**Supplied material:**
++++++++++++++++++++
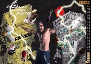 Según ha explicado, se trata de un calendario reivindicativo en el que mezclan fotos reales de bomberos con cómics. A modo de ejemplo, ha señalado que el mes de enero muestra a un bombero que sujeta dos edificios --un hospital y un colegio-- con el lema 'Se desmoronan nuestros pilares", en alusión a la educación y la sanidad.
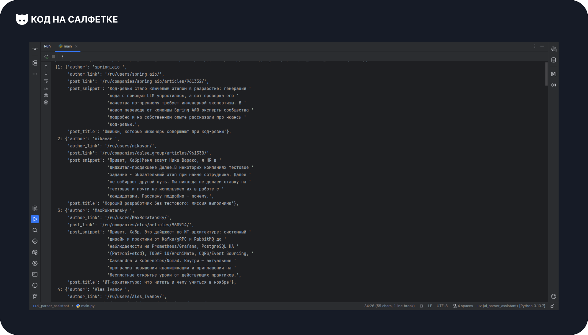pprint(parse_articles())Функция pprint выведет данные в удобочитаемом формате.
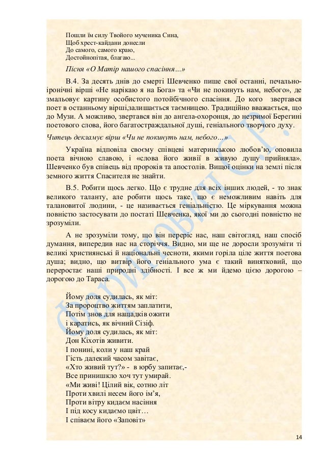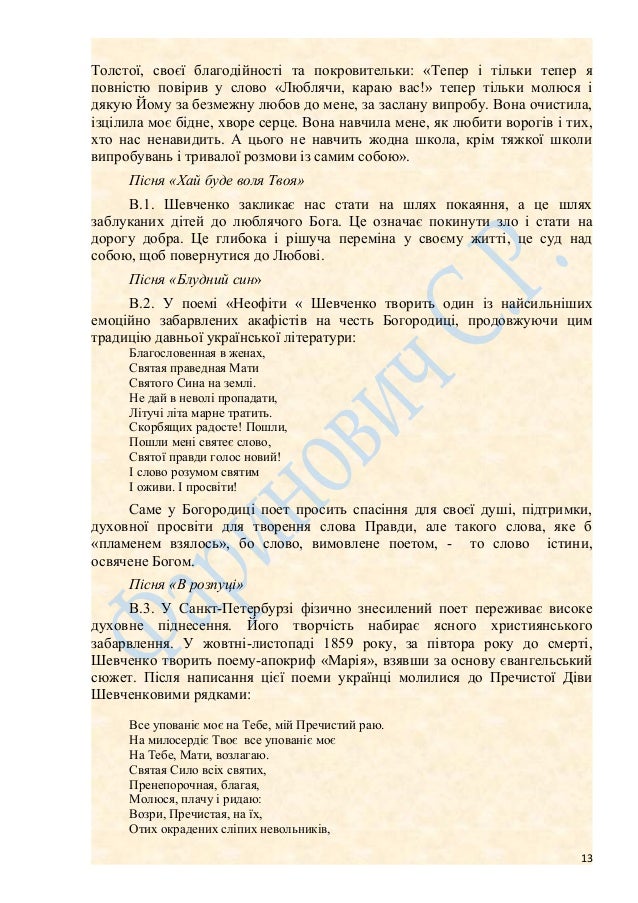 13. 13. Толстої, своєї благодійності та покровительки: «Тепер і тільки тепер я повністю повірив у слово «Люблячи, караю вас!» тепер тільки молюся і дякую Йому за безмежну любов до мене, за заслану випробу. Вона очистила, ізцілила моє бідне, хворе серце. Вона навчила мене, як любити ворогів і тих, хто нас ненавидить. А цього не навчить жодна школа, крім тяжкої школи випробувань і тривалої розмови із самим собою». Пісня «Хай буде воля Твоя» В.1. Шевченко закликає нас стати на шлях покаяння, а це шлях заблуканих дітей до люблячого Бога. Це означає покинути зло і стати на дорогу добра. Це глибока і рішуча переміна у своєму житті, це суд над собою, щоб повернутися до Любові. Пісня «Блудний син» В.2. У поемі «Неофіти « Шевченко творить один із найсильніших емоційно забарвлених акафістів на честь Богородиці, продовжуючи цим традицію давньої української літератури: Благословенная в женах, Святая праведная Мати Святого Сина на землі. Не дай в неволі пропадати, Літучі літа марне тратить. Скорбящих радосте! Пошли, Пошли мені святеє слово, Святої правди голос новий! І слово розумом святим І оживи. І просвіти! Саме у Богородиці поет просить спасіння для своєї душі, підтримки, духовної просвіти для творення слова Правди, але такого слова, яке б «пламенем взялось», бо слово, вимовлене поетом, - то слово істини, освячене Богом. Пісня «В розпуці» В.3. У Санкт-Петербурзі фізично знесилений поет переживає високе духовне піднесення. Його творчість набирає ясного християнського забарвлення. У жовтні-листопаді 1859 року, за півтора року до смерті, Шевченко творить поему-апокриф «Марія», взявши за основу євангельський сюжет. Після написання цієї поеми українці молилися до Пречистої Діви Шевченковими рядками: Все упованіє моє на Тебе, мій Пречистий раю. На милосердіє Твоє все упованіє моє На Тебе, Мати, возлагаю. Святая Сило всіх святих, Пренепорочная, благая, Молюся, плачу і ридаю: Возри, Пречистая, на їх, Отих окрадених сліпих невольників, 13
++++++++++++++++++++
**Exercise goal:** Repeat each line of the material, unaltered, from the first through the line with "pprint(parse_articles())Функция pprint выведет", and include no pictures.

**Solution:**
 Según ha explicado, se trata de un calendario reivindicativo en el que mezclan fotos reales de bomberos con cómics. A modo de ejemplo, ha señalado que el mes de enero muestra a un bombero que sujeta dos edificios --un hospital y un colegio-- con el lema 'Se desmoronan nuestros pilares", en alusión a la educación y la sanidad.
pprint(parse_articles())Функция pprint выведет данные в удобочитаемом формате.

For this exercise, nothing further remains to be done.